19 yıl arayla iki açıklama aslında aynı hedefe yöne­lik!

Cumhuriyetçi Bush, 2001’den sonra Irak işgaliyle başlayan sürecin işaretini bu açıklamada vermişti.

Cumhuriyetçi Trump, koronavirisün Çin tarafın­dan üretildiğini halkına ve dünyaya “Böyle bir saldırı olmamalıydı” cümlesiyle anlattı ve sürecin başladığı­nı işaret etti.

ABD-Çin savaşı üzerin­den yeni bir dünya şekille­nebilir...

Peki Türkiye buna hazır mı? İç siyasette yaşa­nan tartışmaları, ‘dar­be iması’ üzerinden muhaliflere yönelik baskıyı, medyaya olan kıskacı görünce...

‘Türkiye buna hazırla­nıyor’ cümlesini kurmak doğru gibi!

Neden mi?

İktidarı eleştiren gayrı milli oldu!


Koronavirüs sürecinde...

Cumhurbaşkanı Erdo­ğan ve AKP Genel Baş­kanı Erdoğan’ın açıkla­malarını izlediniz! ‘Ulusa Sesleniş’te Erdoğan ilk bölümde 83 milyon için konuştu... İkinci bölümde kendisine oy veren Cum­hur İttifakı için. Hedefte de CHP başta olmak üzere muhalefet ve medya vardı!

Gazete ve televizyonlara yönelik cezalar, davalar ortada!

Anlaşılan... Tek bir ses çıkması isteniyor!

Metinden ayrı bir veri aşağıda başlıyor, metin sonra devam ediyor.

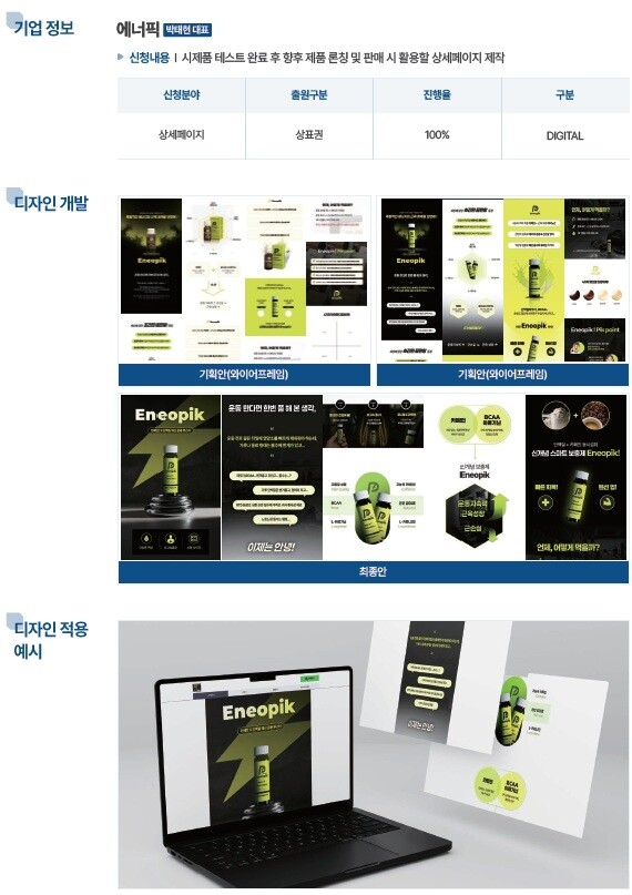 본 사업은 뛰어난 기술력을 보유하고도 디자인 역량 부족으로 시장 진입에 어려움을 겪는 중소기업을 대상으로 [브랜드 전략 수립 - 디자인 개발 - 시제품 제작 - 지식재산권 확보]의 전 과정을 체계적으로 지원하는 ‘디자인 기반 성장 모델’ 구축 사업이다.
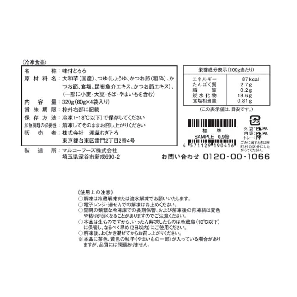 昭和4年から受け継がれた「浅草むぎとろ」秘伝の出汁を粘りの強い国産大和芋に合わせました。かつお出汁の効いた味付とろろがご飯に良く合います。一人前ずつ個包装になっており、流水で簡単に解凍できるので、食べたいときに食べられます。お店の味をそのままにご家庭でお楽しみください。

‘Artık her şey eskisi gibi olmayacak’ cüm­lesinin sonucu, ‘Tek parti iktidarına yönelik en ufak eleştiri kabul edilemez’ oluyor. Eko­nomiyi eleştirmek, koro­navirüs sürecinde hataları dile getirmek gayrı-milli olmayla eşdeğer görülü­yor! ABD-Çin savaşı, kü­resel kavga, döviz oyunları derken... Ülkede ‘milli’ olanlar ile ‘gayrı milli’ olanlar ayrımı iktidar tarafından net bir şekilde yapılıyor!

Yani...

İktidar, olası küresel savaşa, ‘tek vücut’ çıkmak için kolları sıvadı!

Peki bu doğru mu? Değil...

Aynı gemide olmak ya da olmamak!  


Mustafa Kemal Ata­türk...

30 Ekim 1918 Mond­ros sonrasında ‘tek vücut’ olmak için ne yaptı?

Halkı birleştirdi!

Ülke içindeki her kuv­vetle birleşti, aynı gemide olmanın şartlarını sağladı! Ötekileştirmedi...

Vatan savunması içinde olacak her siyasetle hare­ket etti...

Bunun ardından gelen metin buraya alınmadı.